University of Virginia Library

Unconfirmed

Mr. Dillard's nomination still has to be
confirmed by the United Nations Security
Council and General Assembly this fall.
Confirmation seems relatively assured. The
United Nations has traditionally kept one
representative from the United States on the
court. If confirmed, Mr. Dillard will succeed
Philip Jessup as this nation's representative to
the court in February.

Mr. Dillard will not be the first member of
the University community to serve on the
court. John Bassett Moore, a Columbia Law
School graduate, who also attended the
University as a graduate student, was the first
United States representative to the Permanent
Court of International Justice in 1922. The
International Court of Justice succeeded that
court in 1945. It is an organ of the United
Nations and serves to decide cases submitted to
it by member nations and to render advisory
opinions to the Security Council, the General
Assembly, and the specialized agencies of the
United Nations.

Mr. Dillard, who attended the University
Law School from 1924-7, has had a distinguished
career in the field of law.
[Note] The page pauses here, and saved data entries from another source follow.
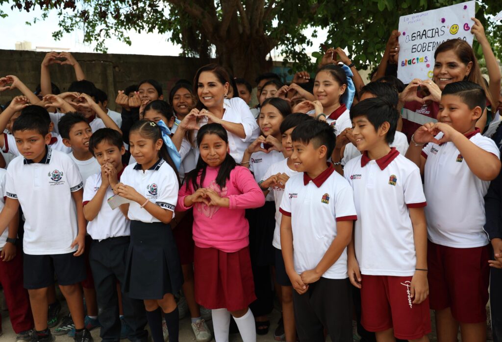 Durante una visita a la escuela primaria “Enrique Estrella Oxté”, de esta comunidad de la zona continental de Isla Mujeres, las y los estudiantes solicitaron a la gobernadora Mara Lezama Espinosa la construcción de un domo que los proteja de las inclemencias del clima.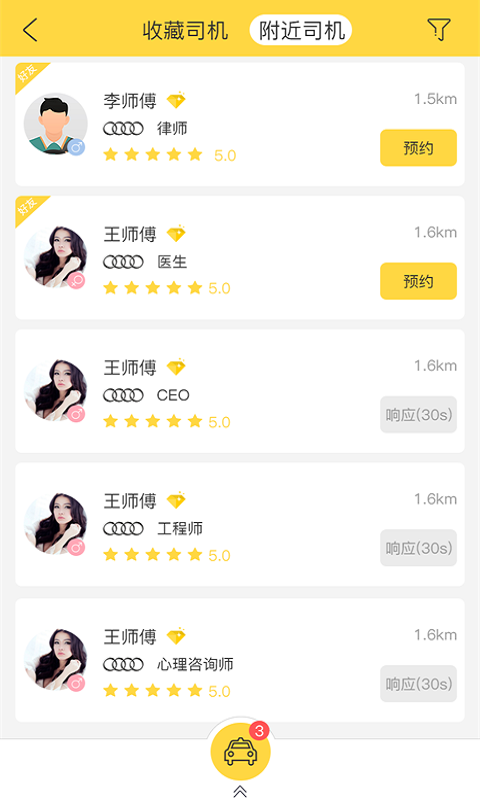 无需预约,快速叫车,平台自动派单,司机分秒接驾。您还可以通过【附近】功能,选择不同车型,不同年龄、职业的司机,实现实时叫车或预约叫车,不再是强迫式派车,让您享受一段愉悦的出行体验。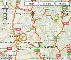 This rest day composed mostly of us riding around meeting Roberto's old friends, then coming back to the Solers' house where Roberto & Mike did some heavy lifting by moving firewood out of the yard into the garage. After that we moved into a hotel in Bourg-en-Bresse and Roberto treated everyone to a get-together dinner.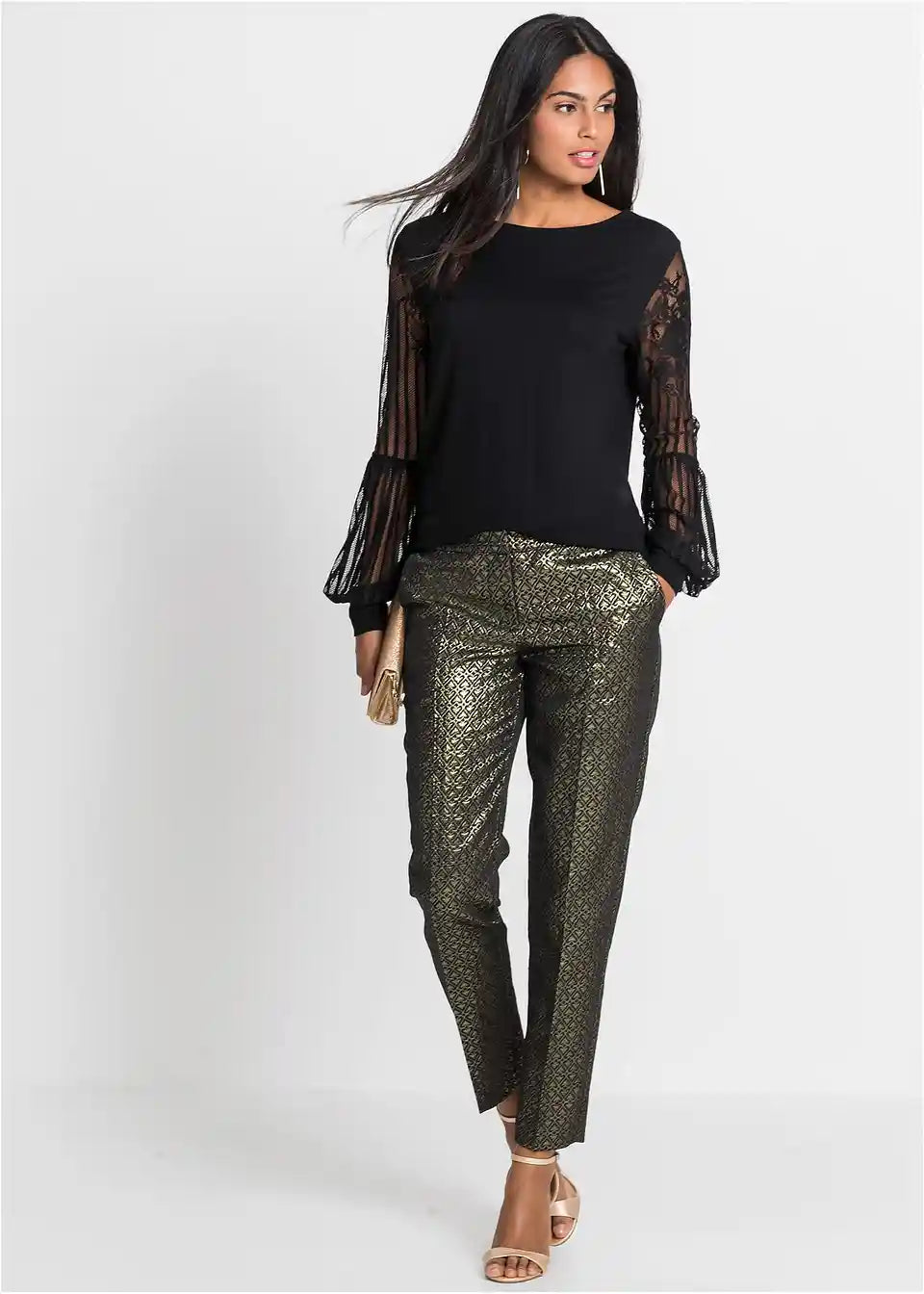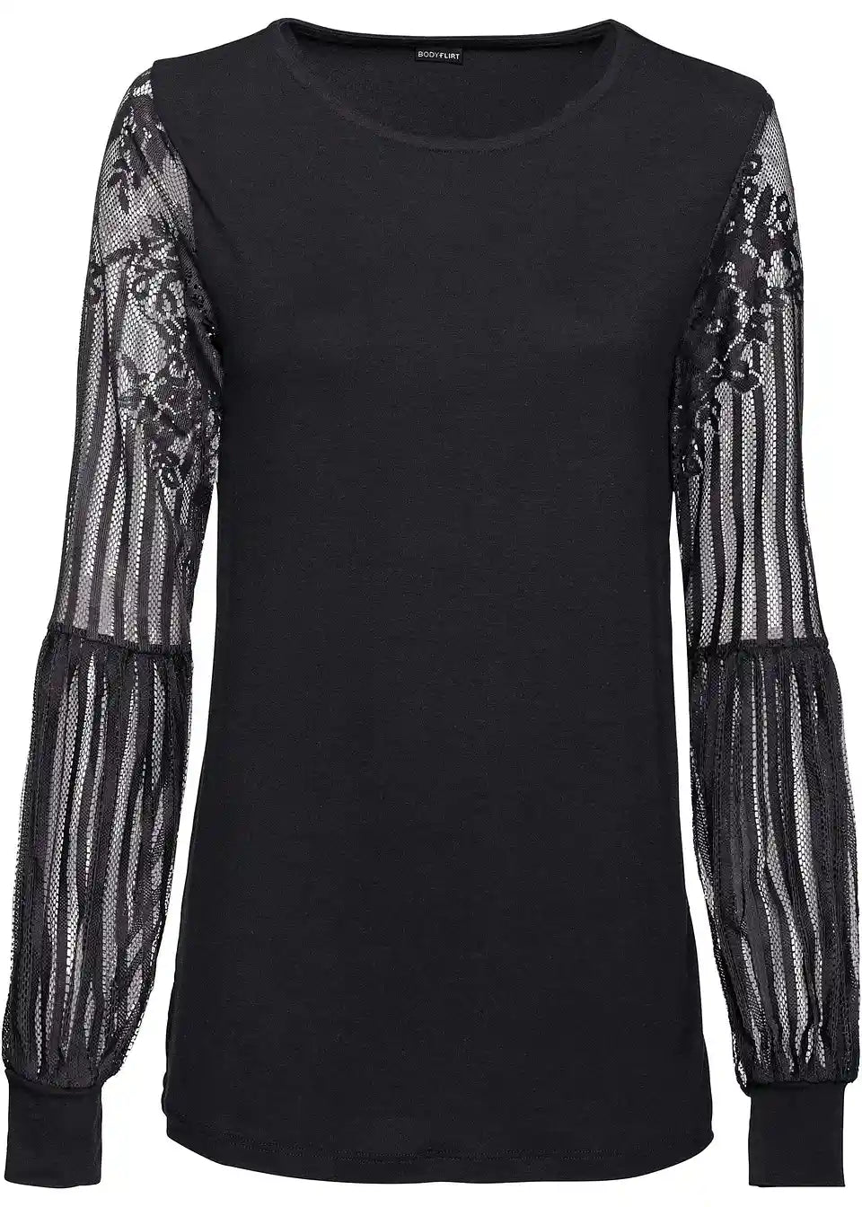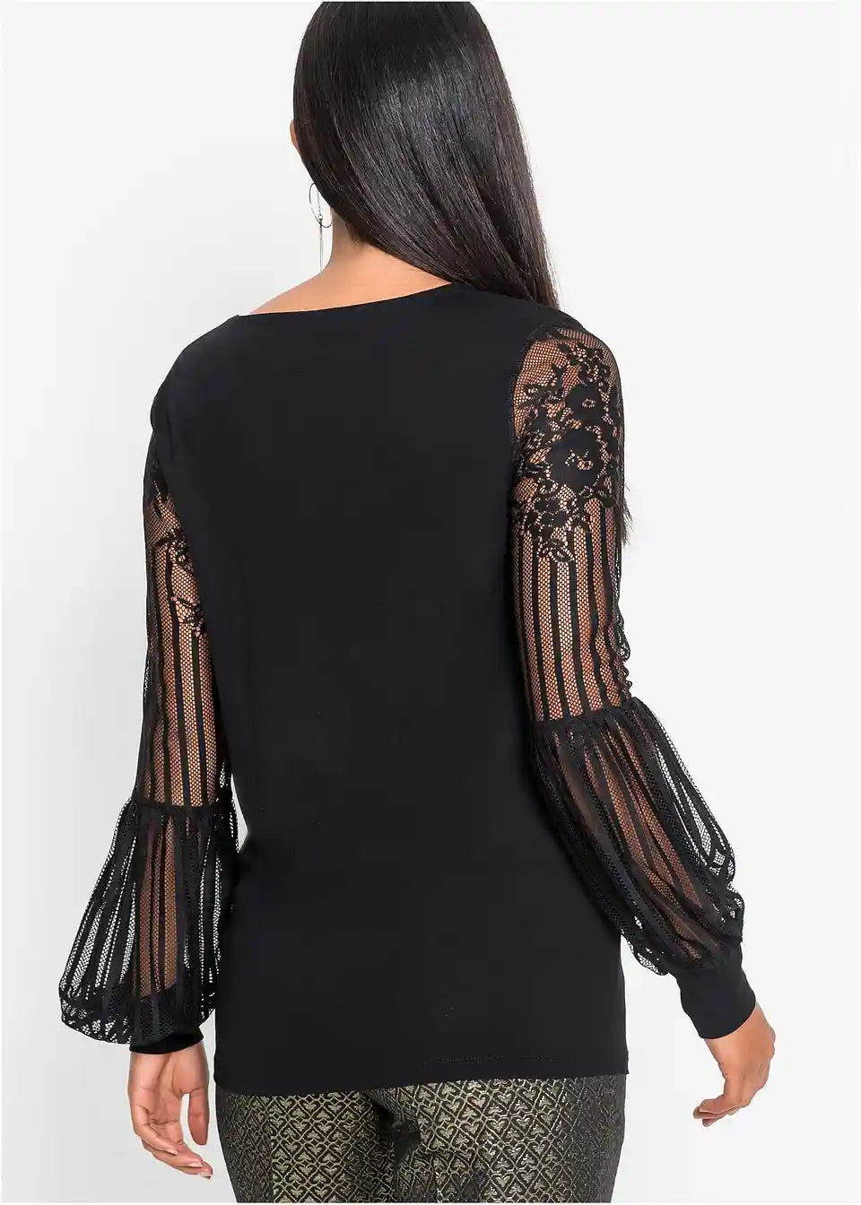 Elegantna majica z dolgimi rokavi in balonastimi rokavi iz čipke

He was a
Fulbright Lecturer at Oxford in 1953 and a
Carnegie Lecturer at the Hague Academy of
International Law in 1957.

Mr. Dillard also served as a committee
member for UNESCO and served on the 1968
Committee to Revise the Constitution of
Virginia. Mr. Dillard was President of the
American Society of International Law from
1962-3.

When he retired as dean in 1968, both the
Virginia Law Review and the Virginia Journal
of International Law dedicated issues in his
honor to which many scholars contributed.